Ник со стоном сорвал с себя рубашку и отбросил ее в сторону. Следом полетела одежда Энни. Ее рубашка и бюстгальтер взлетели над сырой лужайкой, как флаги капитуляции. Ее обнаженную кожу обдало прохладным ночным воздухом. Смущенная остротой своего желания, она закрыла глаза. Руки Ника были повсюду, прикасались к ней, гладили, сжимали, скользили по ее спине.
В какой-то отдаленной части сознания у нее мелькнула слабая мысль, что она слишком увлеклась, что это плохая идея, но это было так хорошо! Уже очень, очень долго никто не хотел ее так сильно. Может быть, вообще никогда.
Страстное, неистовое переплетение рук и ног, жадные, ищущие рты — это были они сейчас. Энни полностью отдалась этому до боли острому удовольствию, она наслаждалась прикосновениями мозолистых, сильных пальцев Ника к ее лицу, груди, животу. Он прикасался к ней там и так, как она и представить себе не могла, он довел ее до пульсирующей грани между наслаждением и болью.

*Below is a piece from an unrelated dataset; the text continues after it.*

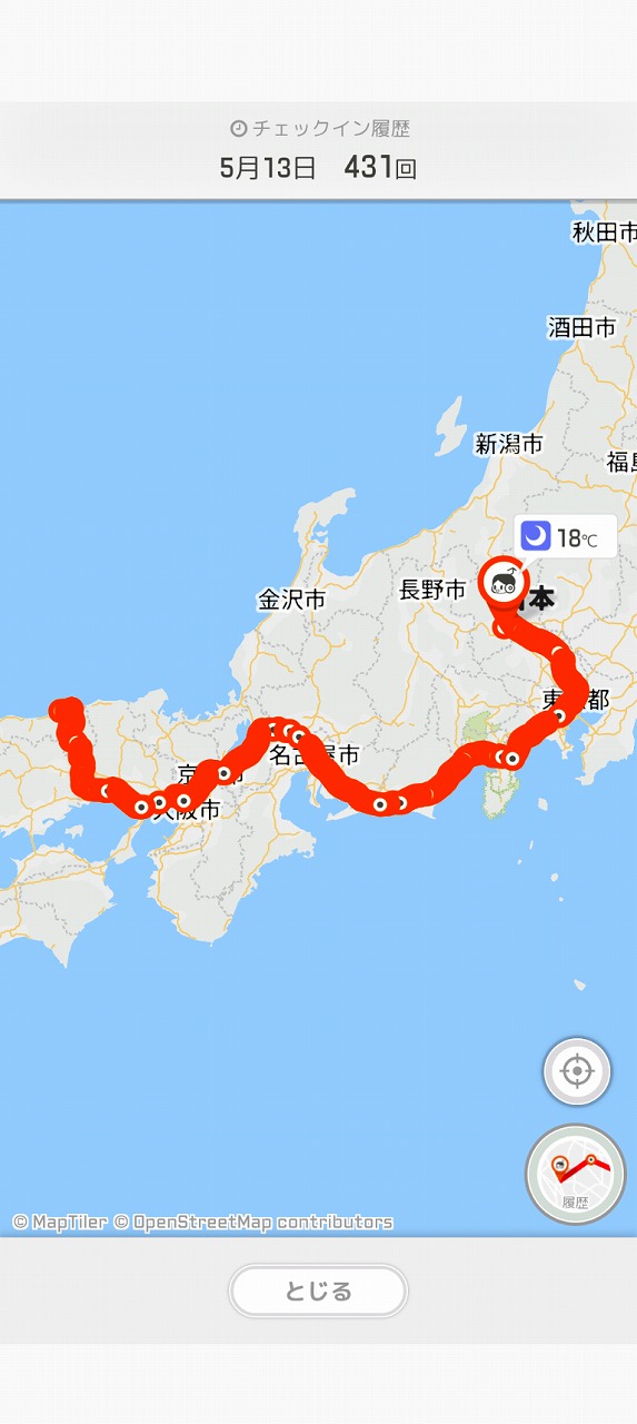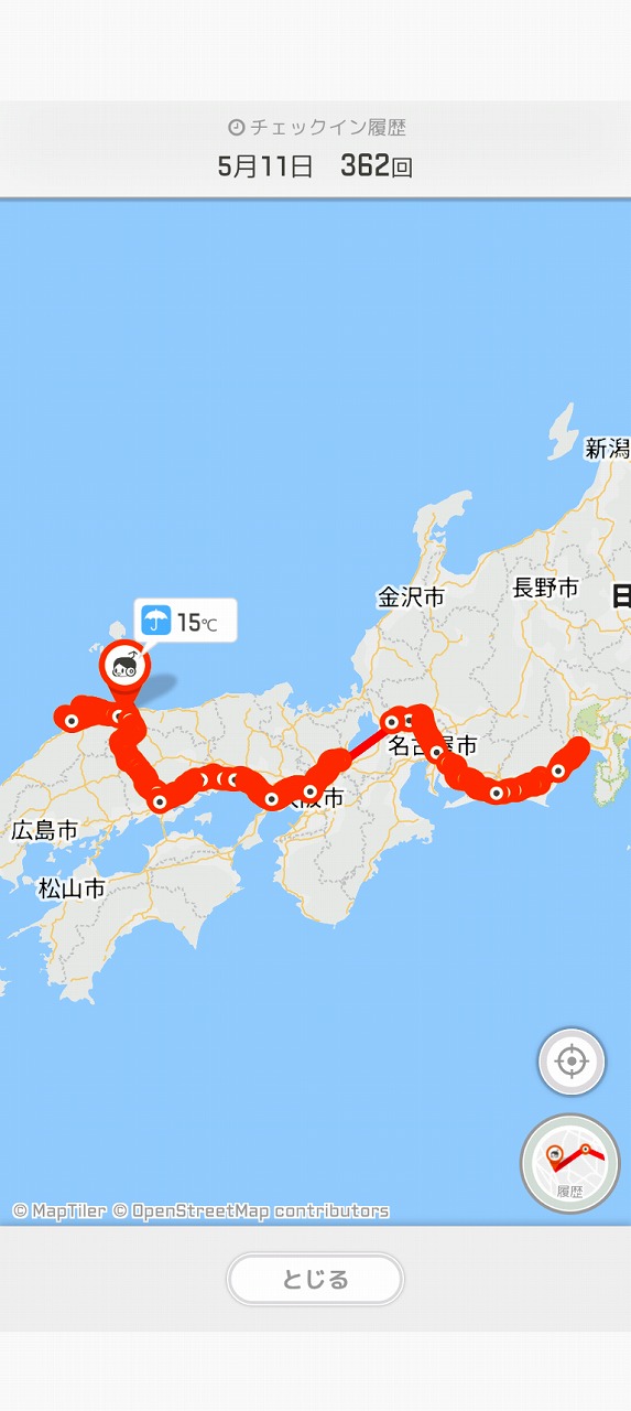 ※あくまで、自分がスマホのアプリ×GPSでアクセスした総数になるので、
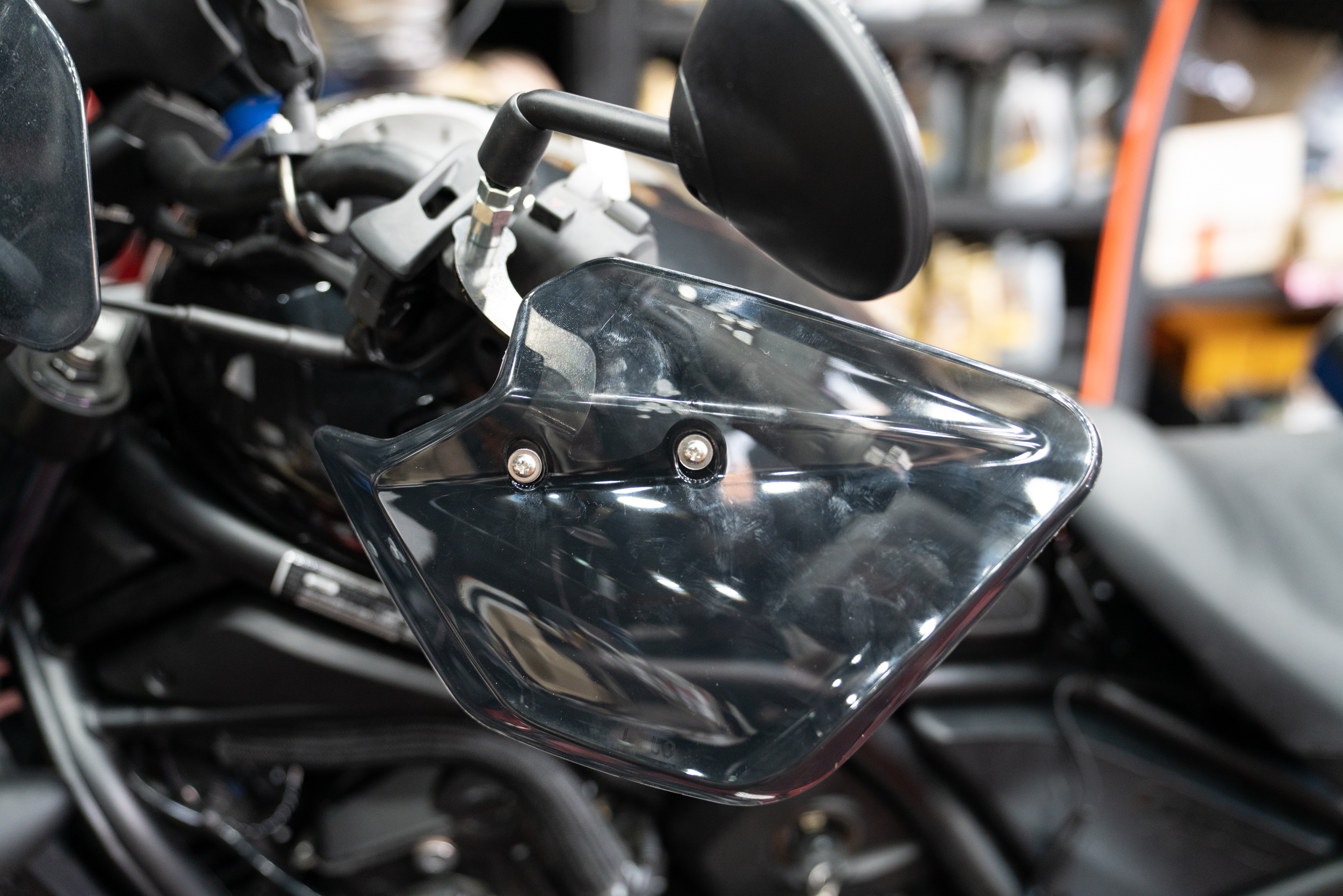 요청이 있어 너클가드도 간섭없이 달아 드렸다. 블레이드사에서 나오는 제품으로 퀄리티가 좋은 제품이다. 원래는 PCX나 엔맥스용으로 제작된 제품이나 핸들바 상부에 장착되는 백미러가 있다면 거의 맞는 편이다.

Ее дыхание стало неровным, сбивчивым, она жадно ловила ртом воздух и жаждала разрядки.
— Ник, пожалуйста… — взмолилась она.
Энни льнула к нему, чувствуя на его щеках влагу от слез, и не знала, его ли это слезы или ее, или это смешались их слезы, и, когда он вошел в нее, она забыла обо всем на свете, она едва сдержала крик упоения и торжества. Ее разрядка, мощь ощущений потрясла ее саму. Ник приник к ней, он стонал, и, когда он содрогнулся в оргазме, Энни снова кончила вместе с ним, с всхлипом выдохнув его имя, и обмякла на его влажной волосатой груди. Он обнимал ее, гладил по голове, шептал на ухо что-то нежное и успокаивающее. Но ее сердце билось так сильно, что его стук отдавался в ушах, и она не слышала, что шептал ей Ник.